**SUPPLIED MATERIAL:**
══════════

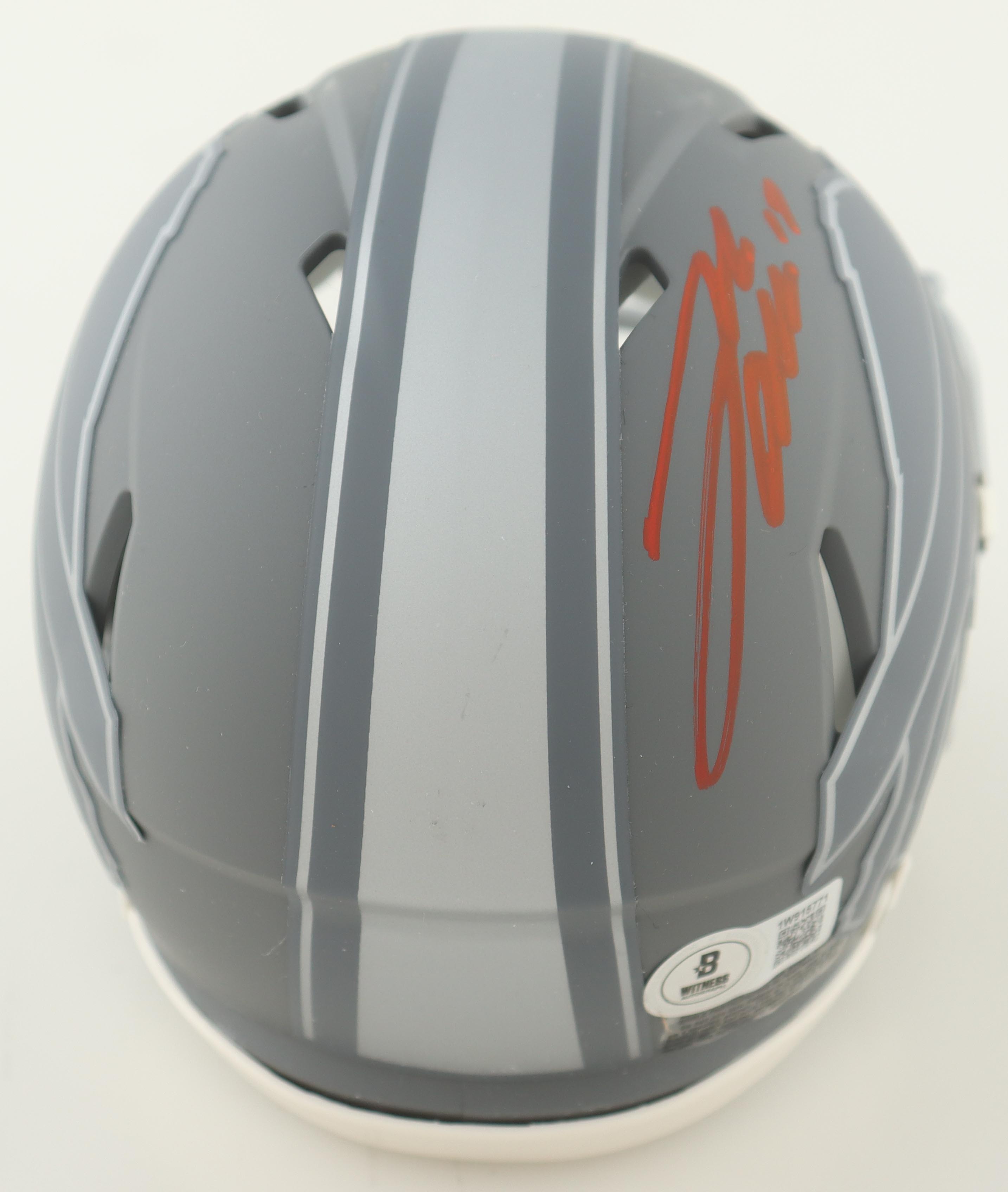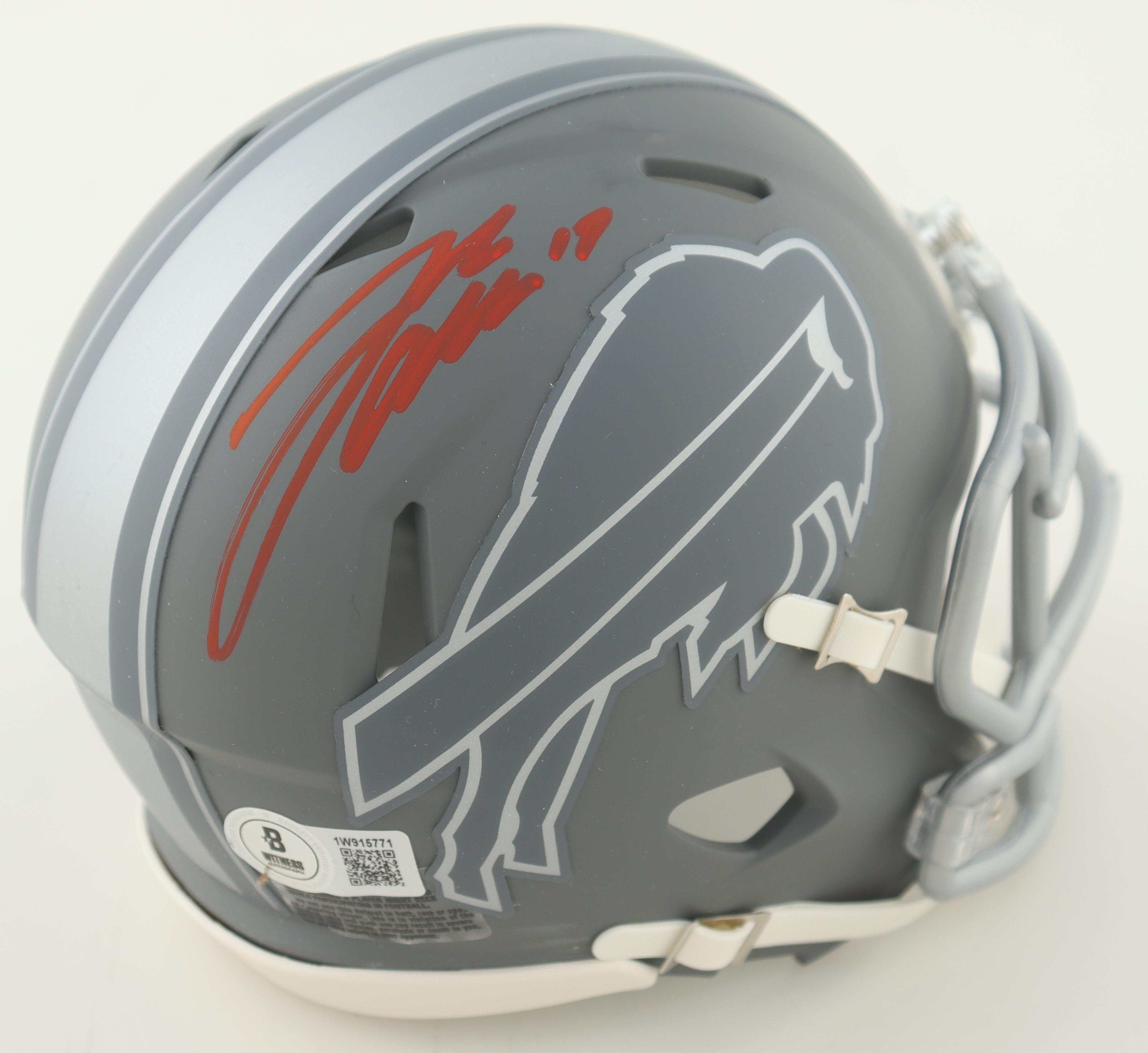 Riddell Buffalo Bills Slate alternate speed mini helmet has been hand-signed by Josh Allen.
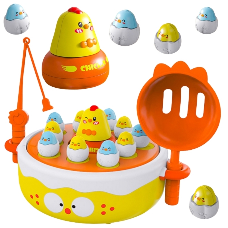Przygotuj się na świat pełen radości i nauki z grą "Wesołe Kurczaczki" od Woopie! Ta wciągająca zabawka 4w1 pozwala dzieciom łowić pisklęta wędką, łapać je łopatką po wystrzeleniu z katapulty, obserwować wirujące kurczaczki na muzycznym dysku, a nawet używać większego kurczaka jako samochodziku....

══════════

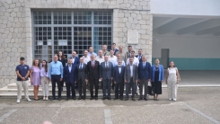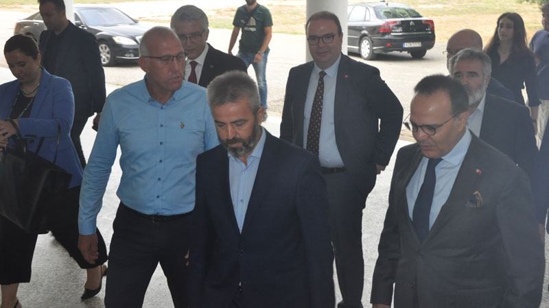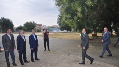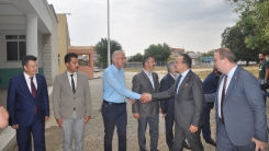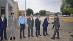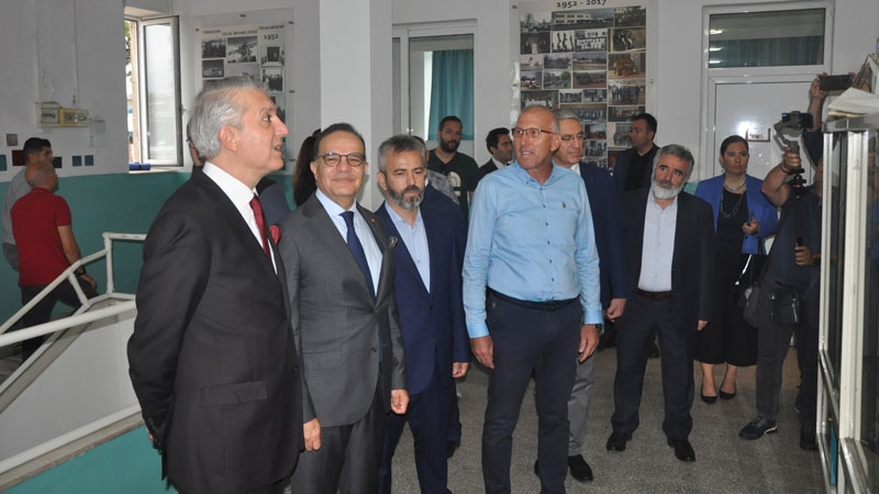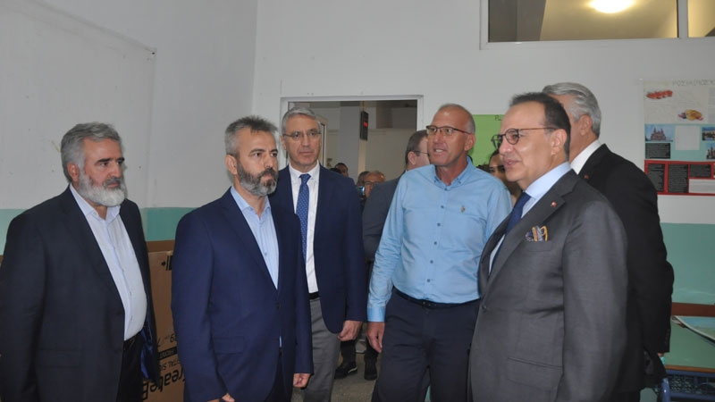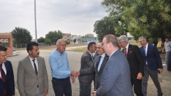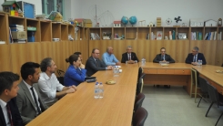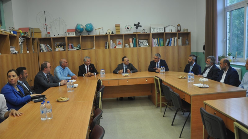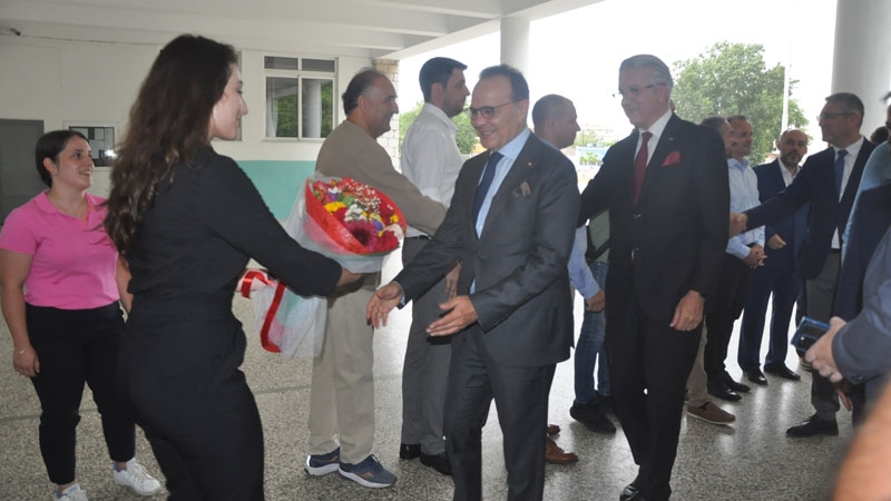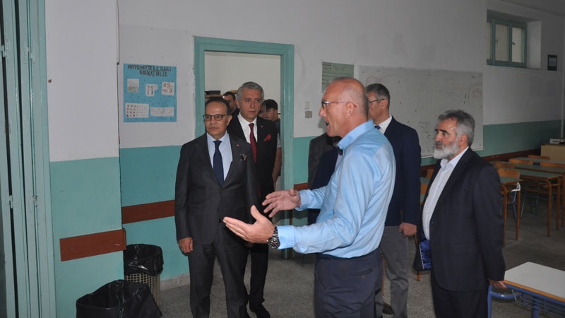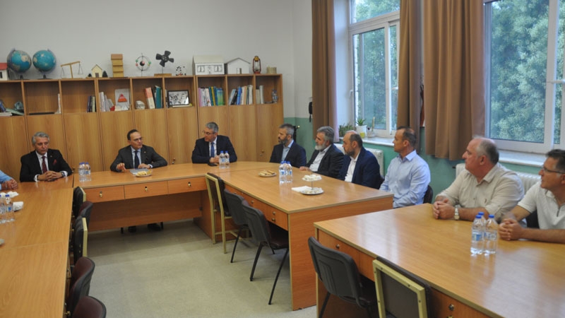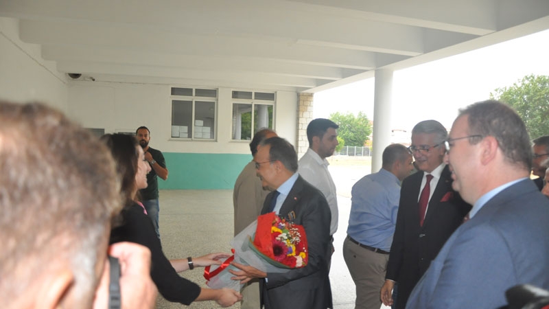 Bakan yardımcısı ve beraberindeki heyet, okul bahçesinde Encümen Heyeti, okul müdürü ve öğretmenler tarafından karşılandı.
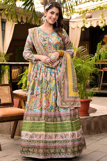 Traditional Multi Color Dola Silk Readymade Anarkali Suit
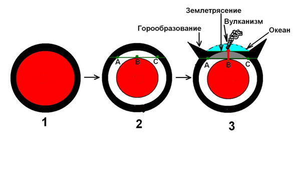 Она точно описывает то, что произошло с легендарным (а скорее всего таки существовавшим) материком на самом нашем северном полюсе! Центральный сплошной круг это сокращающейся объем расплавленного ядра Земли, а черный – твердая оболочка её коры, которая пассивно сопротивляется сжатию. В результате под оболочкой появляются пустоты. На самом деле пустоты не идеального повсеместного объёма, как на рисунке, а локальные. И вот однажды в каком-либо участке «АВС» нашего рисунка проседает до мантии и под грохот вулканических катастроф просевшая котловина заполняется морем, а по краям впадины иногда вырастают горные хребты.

══════════

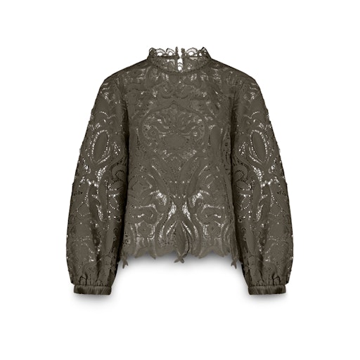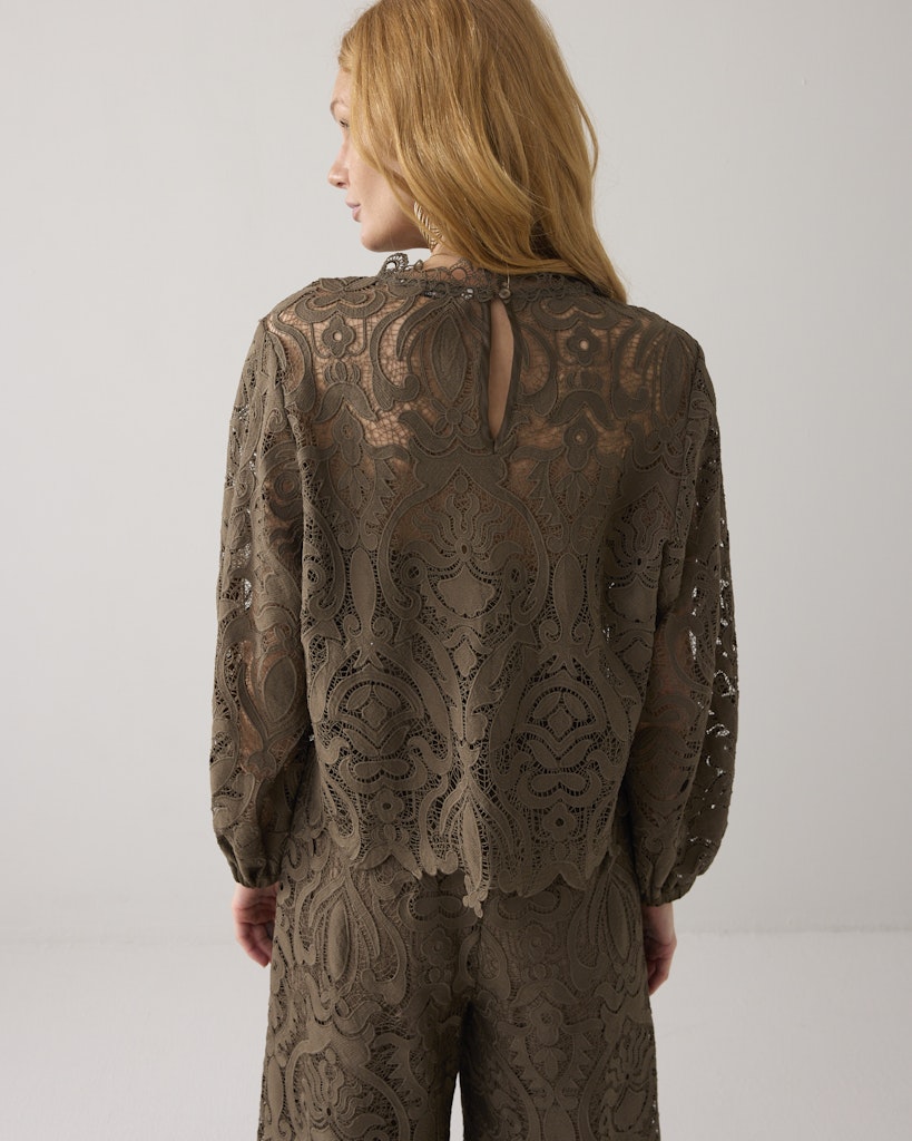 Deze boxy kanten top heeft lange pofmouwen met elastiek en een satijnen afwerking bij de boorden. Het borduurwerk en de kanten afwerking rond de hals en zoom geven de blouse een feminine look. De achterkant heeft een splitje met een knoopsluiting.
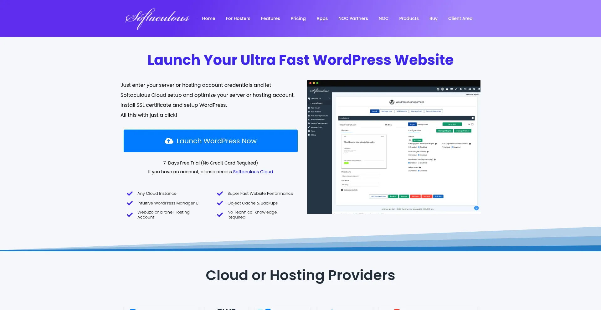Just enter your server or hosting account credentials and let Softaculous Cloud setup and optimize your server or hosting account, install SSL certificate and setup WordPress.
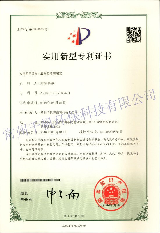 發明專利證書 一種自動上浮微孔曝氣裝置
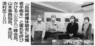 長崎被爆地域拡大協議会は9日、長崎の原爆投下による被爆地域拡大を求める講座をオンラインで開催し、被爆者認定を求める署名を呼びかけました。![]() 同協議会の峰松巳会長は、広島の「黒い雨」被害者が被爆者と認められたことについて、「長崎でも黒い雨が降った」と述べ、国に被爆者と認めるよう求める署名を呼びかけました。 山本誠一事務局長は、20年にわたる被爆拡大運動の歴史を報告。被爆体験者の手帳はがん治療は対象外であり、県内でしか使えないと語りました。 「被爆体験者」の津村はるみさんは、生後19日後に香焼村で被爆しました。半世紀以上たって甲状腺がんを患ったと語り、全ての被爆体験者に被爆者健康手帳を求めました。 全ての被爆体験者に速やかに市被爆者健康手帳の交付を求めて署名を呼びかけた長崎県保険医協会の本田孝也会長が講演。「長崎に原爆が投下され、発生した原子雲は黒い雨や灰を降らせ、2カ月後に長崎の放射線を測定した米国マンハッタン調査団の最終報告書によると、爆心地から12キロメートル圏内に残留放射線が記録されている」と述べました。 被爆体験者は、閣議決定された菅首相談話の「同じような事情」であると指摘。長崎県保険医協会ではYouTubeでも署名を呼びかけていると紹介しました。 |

══════════

**INSTRUCTIONS TO FOLLOW:** Only the lines starting at the one with "Riddell Buffalo Bills" and ending at the one with "Przygotuj się na" should be printed, each exactly as it appears in the material above; the pictures are to be omitted.

**SOLUTION TO THIS PROBLEM:**
 Riddell Buffalo Bills Slate alternate speed mini helmet has been hand-signed by Josh Allen.
Przygotuj się na świat pełen radości i nauki z grą "Wesołe Kurczaczki" od Woopie! Ta wciągająca zabawka 4w1 pozwala dzieciom łowić pisklęta wędką, łapać je łopatką po wystrzeleniu z katapulty, obserwować wirujące kurczaczki na muzycznym dysku, a nawet używać większego kurczaka jako samochodziku....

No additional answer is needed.